# Implementation of a RAG model for PDF Analysis

### Use Case

- The following use case relates to the implementation of a RAG model with a user interface for analyzing any PDF texts.
- 
A book on the topic of market research is provided in the knowledge base as an example text (feel free to add more specific data to the knowledge base).

### Libraries

- The `os` library provides tools for interacting with the operating system, such as accessing and manipulating file systems, handling environment variables, and executing system-level commands.
- The `glob` library complements this by enabling the retrieval of file and directory paths using Unix shell-style wildcards, making it particularly useful for searching and organizing files that match specific patterns.
- The `dotenv` library, accessed through `from dotenv import load_dotenv`, facilitates secure and convenient management of environment variables by loading them from a `.env` file into the application’s environment, which is ideal for handling sensitive information like API keys or configuration settings.
- The `gradio` library allows the creation of interactive web-based user interfaces, making it simple to showcase and interact with machine learning models or other Python functions. Gradio provides a range of components like text input, sliders, and image uploaders, making it a popular choice for building intuitive and shareable application interfaces. Together, these libraries suggest the code is likely setting up a secure, user-friendly application, potentially for showcasing or deploying a machine learning model.

In [57]:
# imports
import os
import glob
from dotenv import load_dotenv
import gradio as gr

- The `langchain.document_loaders` module, which includes `DirectoryLoader` and `TextLoader`, enables efficient loading of documents from directories or text files. 
- The `CharacterTextSplitter` from `langchain.text_splitter` is designed for breaking down documents into smaller chunks for easier processing, while the `Document` schema from `langchain.schema` standardizes document representation.
- Language model interaction is facilitated by `OpenAIEmbeddings` and `ChatOpenAI` from `langchain_openai`, enabling the use of OpenAI's embeddings and conversational capabilities. To store and query vectorized document embeddings, the `Chroma` vector store from `langchain_chroma` is employed.
- The code also leverages additional libraries for specific tasks. `numpy` (imported as `np`) provides support for numerical computations, while `PyPDF2` is used for reading and processing PDF files. Dimensionality reduction for visualizing high-dimensional data is achieved using the `t-SNE` algorithm from `sklearn.manifold`.
- To visualize the reduced data in an interactive manner, `plotly.graph_objects` is utilized.
- For conversational applications, `ConversationBufferMemory` from `langchain.memory` manages and retains the context of conversations, and `ConversationalRetrievalChain` from `langchain.chains` integrates conversational capabilities with document retrieval.

In [58]:
# imports for langchain
from langchain.document_loaders import DirectoryLoader, TextLoader
from langchain.text_splitter import CharacterTextSplitter
from langchain.schema import Document
from langchain_openai import OpenAIEmbeddings, ChatOpenAI
from langchain_chroma import Chroma
import numpy as np
import PyPDF2 as PyPDF2
from sklearn.manifold import TSNE
import plotly.graph_objects as go
from langchain.memory import ConversationBufferMemory
from langchain.chains import ConversationalRetrievalChain

In [59]:
# Model selection and creating a vector database
MODEL = "gpt-4o"
db_name = "vector_db"

In [60]:
# Load environment variables in a file called .env
load_dotenv()
os.environ['OPENAI_API_KEY'] = os.getenv('OPENAI_API_KEY', 'your-key-if-not-using-env')
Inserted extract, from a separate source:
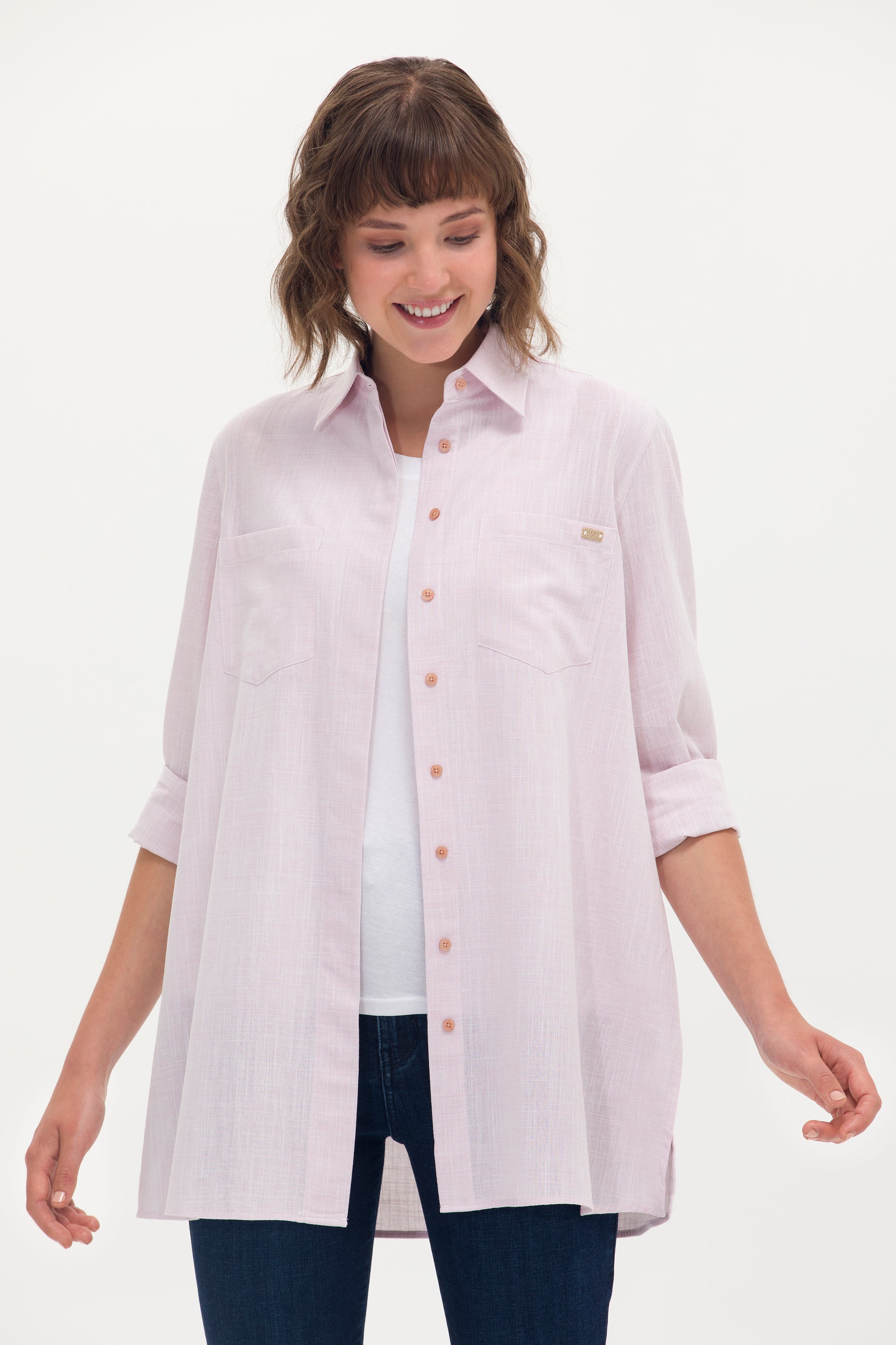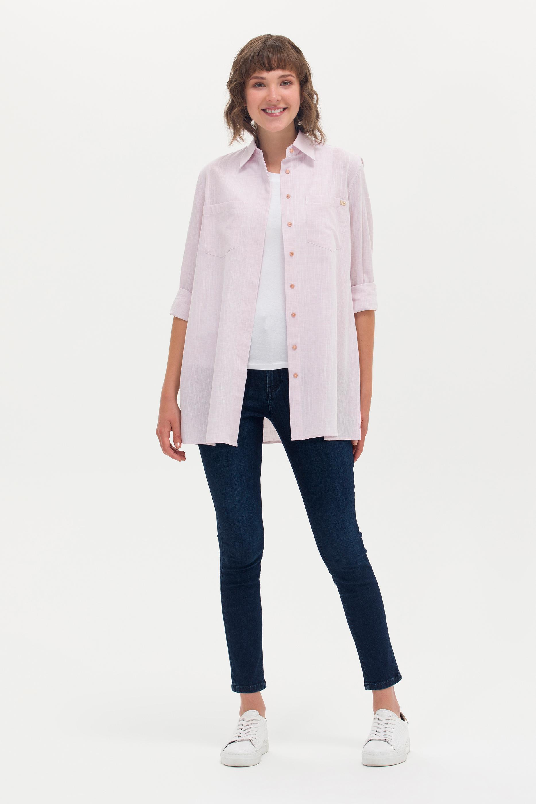 Cep detaylı ve Comfort kalıpta tasarlanan kadın uzun gömlek vücudu sıkıştırmaz. Uzun kollu gömlek olmasıyla her mevsim giyebilir ve kolaylıkla kombinleyebilirsiniz. Uzun gömlekleri aynı zamanda gömlek elbise olarak da kullanabilir ister günlük kullanımda isterseniz de özel davetlerde tercih edebilirsiniz. Ayrıca pamuklu kumaşıyla da cildinizi tahriş etmez ve nefes alabilme özelliği sunar. Bayan gömlek modelleri uzun kollu olarak sadece online mağazada sizi bekliyor.

Read and extract text content from a PDF file, located in the `knowledge-base` directory. It begins by importing the `PdfReader` class from the `PyPDF2` library, which facilitates the handling and processing of PDF files. An instance of `PdfReader` is created for the specified file, enabling access to its pages. An empty string `text` is initialized to accumulate the extracted content. The code then iterates over all the pages in the PDF using a `for` loop, and for each page, the `extract_text()` method is called to extract the textual content. This text is subsequently appended to the `text` string, resulting in a single continuous string containing the combined text from all pages of the PDF.

In [61]:
# Import PDF file

from PyPDF2 import PdfReader
reader = PdfReader("knowledge-base/marktforschung.pdf")
text = ""
for page in reader.pages:
    text += page.extract_text()

The code processes text data by first encapsulating it within a `Document` object and then optionally splitting it into smaller, manageable chunks. It begins by importing the necessary components from the `langchain` library, specifically the `Document` class from `langchain.docstore.document` and the `CharacterTextSplitter` from `langchain.text_splitter`. The text is wrapped inside a `Document` object, allowing it to be structured in a way that is compatible with LangChain's document processing tools. To facilitate downstream tasks such as text analysis, retrieval, or summarization, the code initializes a `CharacterTextSplitter` instance. This splitter is configured with a `chunk_size` of 1000 characters and an overlap of 100 characters between consecutive chunks. The `split_documents()` method is then called on the splitter, with the document passed as a list. This process results in the text being divided into smaller overlapping chunks, making it suitable for use in applications like natural language processing or information retrieval where smaller, contextually coherent pieces of text are advantageous.

In [62]:
# Use LangChain's Document class to wrap the text.
# Split the text into chunks (if needed) using LangChain's TextSplitter utilities.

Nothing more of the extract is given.